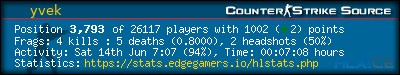 Rank | Map | Kills | % | Ratio | Deaths | % | Ratio | K:D | Headshots | % | Ratio | HS:K |
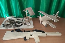 К конкурсу "Татар малае", который прошел в нашем детском саду, мальчики совместно с папами сделали деревянные игрушки. Все игрушки были посвящены военной тематике.
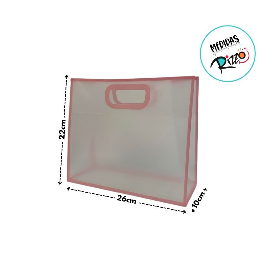 Sacola Transparente Fosca Pvc Alça Plana Rosa Bebê - 22x26x10cm - 12 unidades - Rizzo
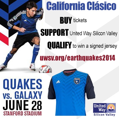 Saturday, June 28th @ 7:30pm Stanford Stadium. Purchase your discounted SJ Earthquake VS. LA Galaxy tickets here from United Way Silicon Valley. This will be a day of fun for the entire family as this event will also feature a salute to the Armed Forces and a postgame fireworks extravaganza!
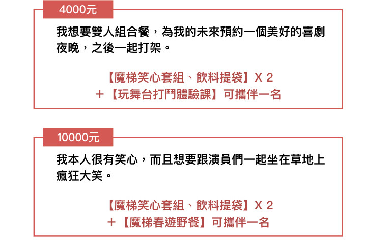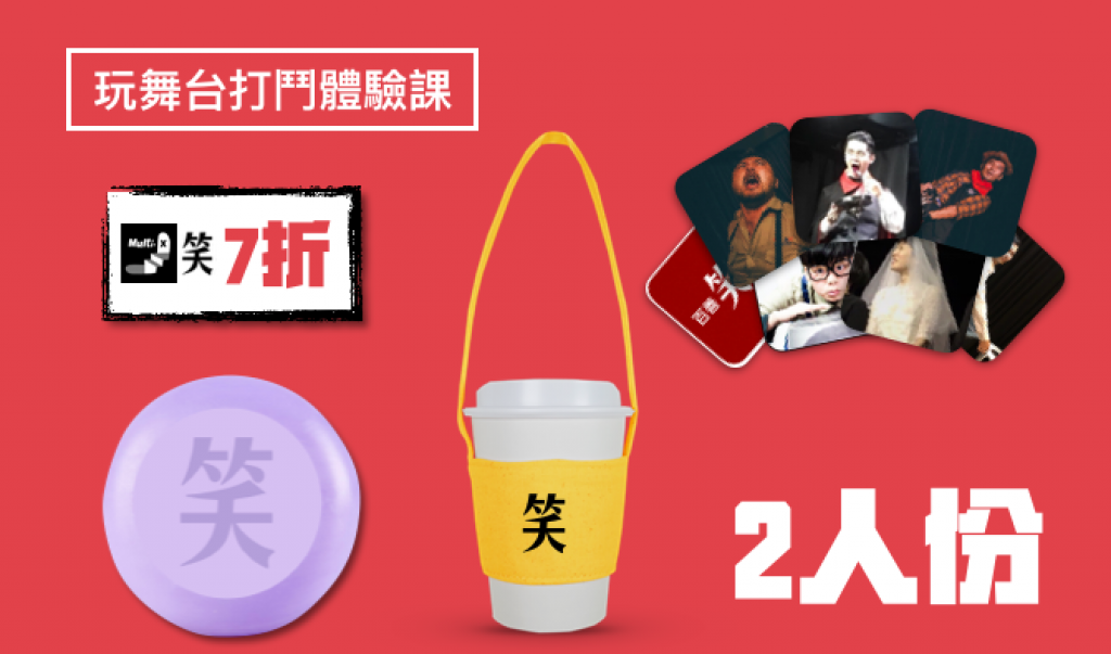 【魔梯笑心套組、飲料提袋】X 2 +【玩舞台打鬥體驗課】可攜伴一名 我想要雙人組合餐,為我的未來預約一個美好的喜劇夜晚,之後一起打架。
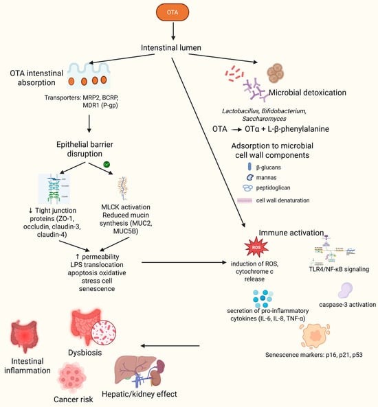 Mechanistic diagram of ochratoxin A (OTA) interactions within the intestine. After ingestion, OTA reaches the intestinal lumen, where it follows several parallel pathways. Intestinal absorption occurs through enterocytes and is modulated by efflux transporters such as MRP2, BCRP, and MDR1 (P-gp). Once absorbed, OTA binds strongly to serum albumin and undergoes enterohepatic recirculation, contributing to its systemic distribution. Microbial detoxification takes place via enzymatic hydrolysis by Lactobacillus, Bifidobacterium, and Saccharomyces species, converting OTA into the non-toxic metabolite ochratoxin α (OTα) and L-β-phenylalanine. In parallel, OTA can be adsorbed to microbial cell wall components (β-glucans, mannans, peptidoglycans), a process enhanced by cell wall denaturation. Epithelial barrier disruption is induced by OTA via downregulation of tight junction proteins (ZO-1, occludin, claudin-3/-4), activation of MLCK, resulting in increased intestinal permeability, LPS translocation, apoptosis, oxidative stress, and cellular senescence. Immune activation involves induction of ROS, cytochrome c release, caspase-3 activation, and upregulation of inflammatory signaling pathways (TLR4/NF-κB), leading to secretion of cytokines such as IL-6, IL-8, and TNF-α. (v) These mechanisms culminate in systemic outcomes, including intestinal inflammation, microbiota dysbiosis, hepatic and renal injury via the gut–liver/kidney axis, and potential cancer risk through chronic inflammation and oxidative DNA damage. Abbreviations: BCRP: breast cancer resistance protein; IL: interleukin; LPS: lipopolysaccharide; MDR1: Multidrug Resistance Protein 1; MLCK: myosin light chain kinase; MRP2: multidrug resistance-associated protein 2; NF-κB: nuclear factor kappa B; OTA: ochratoxin A; OTα: ochratoxin α; P-gp: glycoprotein P; ROS: reactive oxygen species; TLR4: toll-like receptor 4; TNF-α: tumor necrosis factor α; ZO-1: zonula occludens-1. Created in BioRender. Bijak, M. (2025) https://biorender.com/20neuth (accessed on 24 September 2025).

• **Your goal**
Using the records above, return word for word the lines that begin at the one containing "Sacola Transparente Fosca" and end at the one containing "2 +【玩舞台打鬥體驗課】可攜伴一名 我想要雙人組合餐,為我的未來預約一個美好的喜劇夜晚,之後一起打架。", both of them included and no pictures.

• **Response area**
 Sacola Transparente Fosca Pvc Alça Plana Rosa Bebê - 22x26x10cm - 12 unidades - Rizzo
 Saturday, June 28th @ 7:30pm Stanford Stadium. Purchase your discounted SJ Earthquake VS. LA Galaxy tickets here from United Way Silicon Valley. This will be a day of fun for the entire family as this event will also feature a salute to the Armed Forces and a postgame fireworks extravaganza!
 【魔梯笑心套組、飲料提袋】X 2 +【玩舞台打鬥體驗課】可攜伴一名 我想要雙人組合餐,為我的未來預約一個美好的喜劇夜晚,之後一起打架。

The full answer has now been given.